Medical Scientist Training Program, University of California, San Francisco, San Francisco, CA, USA; UC Berkeley-UCSF Graduate Program in Bioengineering, San Francisco, CA, USA; Institute for Human Genetics, University of California, San Francisco, San Francisco, CA, USA.
Institute for Human Genetics, University of California, San Francisco, San Francisco, CA, USA.
Cell. 2024 Oct 31;187(22):6393-6410.e16. doi: 10.1016/j.cell.2024.09.044. Epub 2024 Oct 24.
Differential expression analysis of single-cell RNA sequencing (scRNA-seq) data is central for characterizing how experimental factors affect the distribution of gene expression. However, distinguishing between biological and technical sources of cell-cell variability and assessing the statistical significance of quantitative comparisons between cell groups remain challenging. We introduce Memento, a tool for robust and efficient differential analysis of mean expression, variability, and gene correlation from scRNA-seq data, scalable to millions of cells and thousands of samples. We applied Memento to 70,000 tracheal epithelial cells to identify interferon-responsive genes, 160,000 CRISPR-Cas9 perturbed T cells to reconstruct gene-regulatory networks, 1.2 million peripheral blood mononuclear cells (PBMCs) to map cell-type-specific quantitative trait loci (QTLs), and the 50-million-cell CELLxGENE Discover corpus to compare arbitrary cell groups. In all cases, Memento identified more significant and reproducible differences in mean expression compared with existing methods. It also identified differences in variability and gene correlation that suggest distinct transcriptional regulation mechanisms imparted by perturbations.

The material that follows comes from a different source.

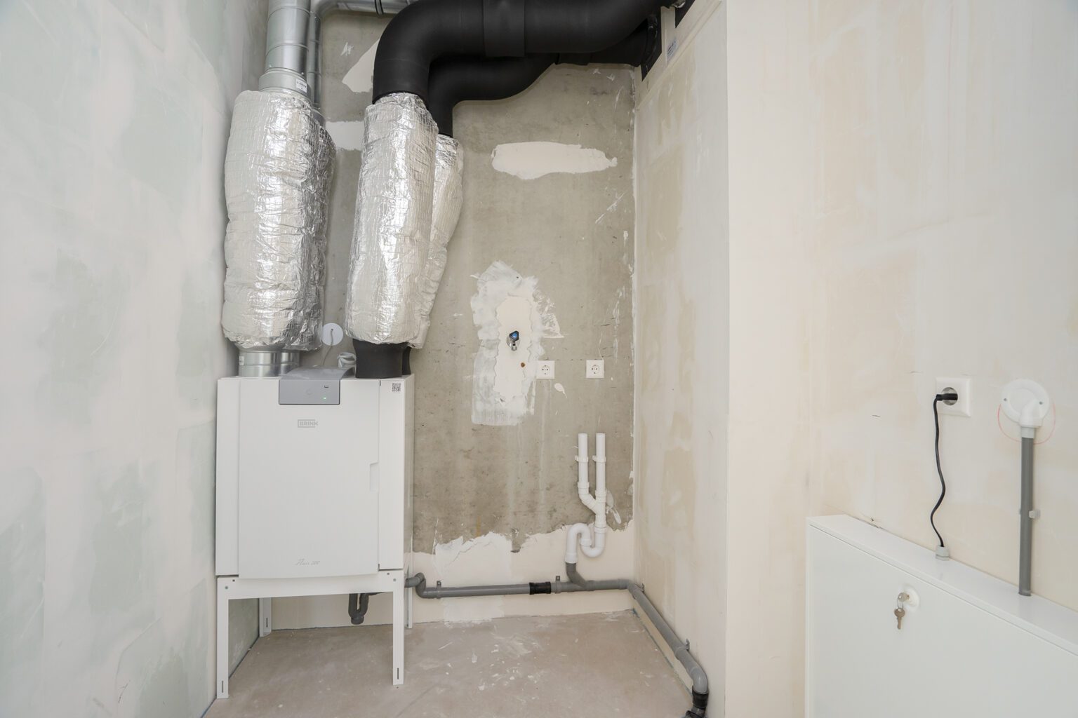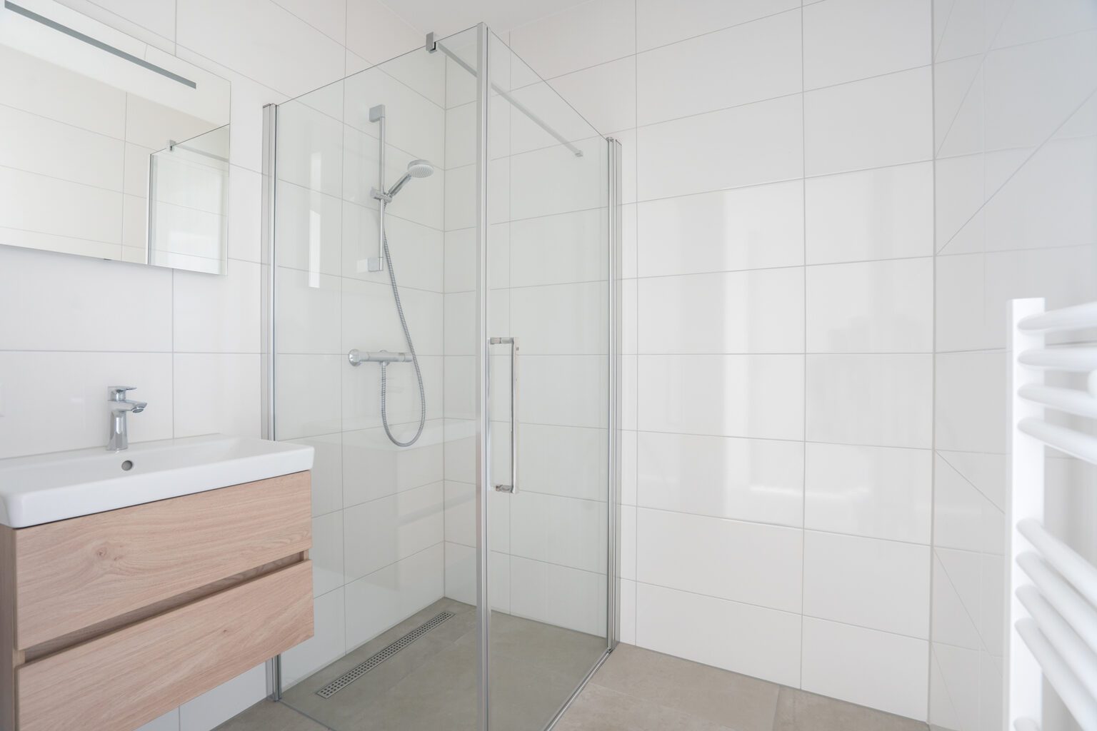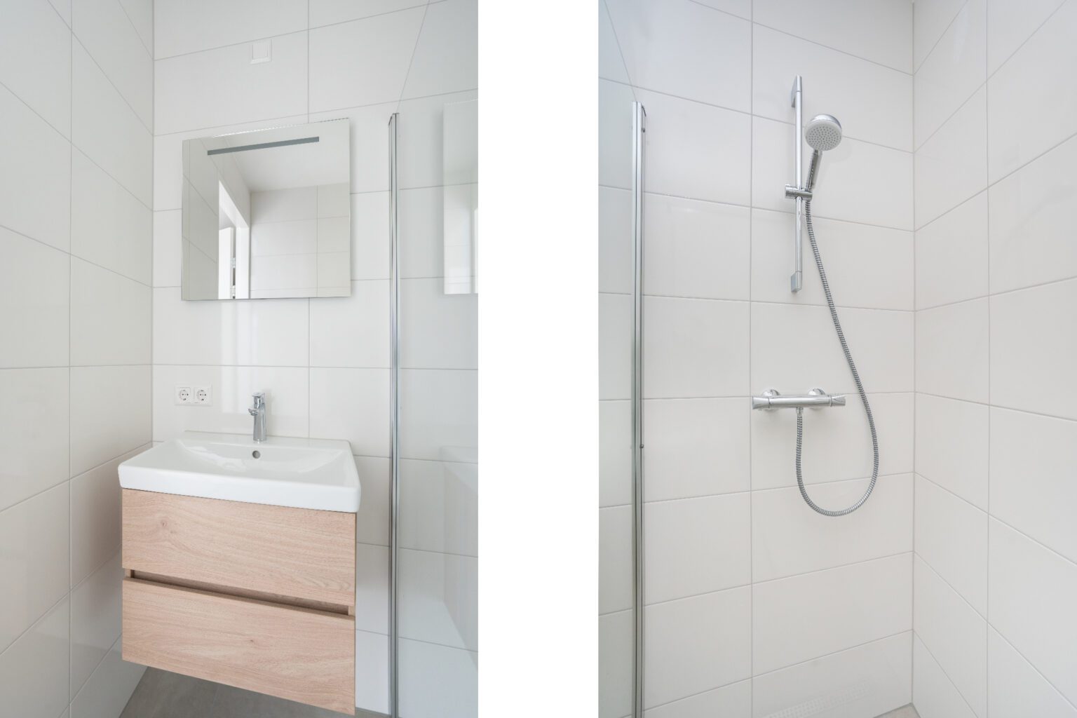 Het appartement beschikt over twee slaapkamers van goed formaat. De badkamer is modern afgewerkt en voorzien van een inloopdouche en wastafel. Daarnaast is er een apart toilet, een aparte ruimte voor de wasmachine en droger, én een extra interne berging. Ook beschik je over een externe berging voor bijvoorbeeld fietsen of extra opslag.

单细胞 RNA 测序 (scRNA-seq) 数据的差异表达分析对于描述实验因素如何影响基因表达分布至关重要。然而,区分细胞间变异性的生物学和技术来源,以及评估细胞群之间定量比较的统计学意义仍然具有挑战性。我们引入了 Memento,这是一种用于从 scRNA-seq 数据中稳健高效地分析平均表达、变异性和基因相关性的差异分析工具,可扩展到数百万个细胞和数千个样本。我们将 Memento 应用于 70000 个气管上皮细胞,以鉴定干扰素反应基因;将其应用于 160000 个 CRISPR-Cas9 扰动 T 细胞,以重建基因调控网络;将其应用于 120 万个外周血单核细胞 (PBMC),以绘制细胞类型特异性数量性状基因座 (QTL);并将 CELLxGENE Discover 语料库中的 5000 万个细胞用于比较任意细胞群。在所有情况下,与现有方法相比,Memento 都能更准确地识别出差异表达的基因,且具有更高的重现性。它还识别出了变异性和基因相关性的差异,这表明扰动赋予了不同的转录调控机制。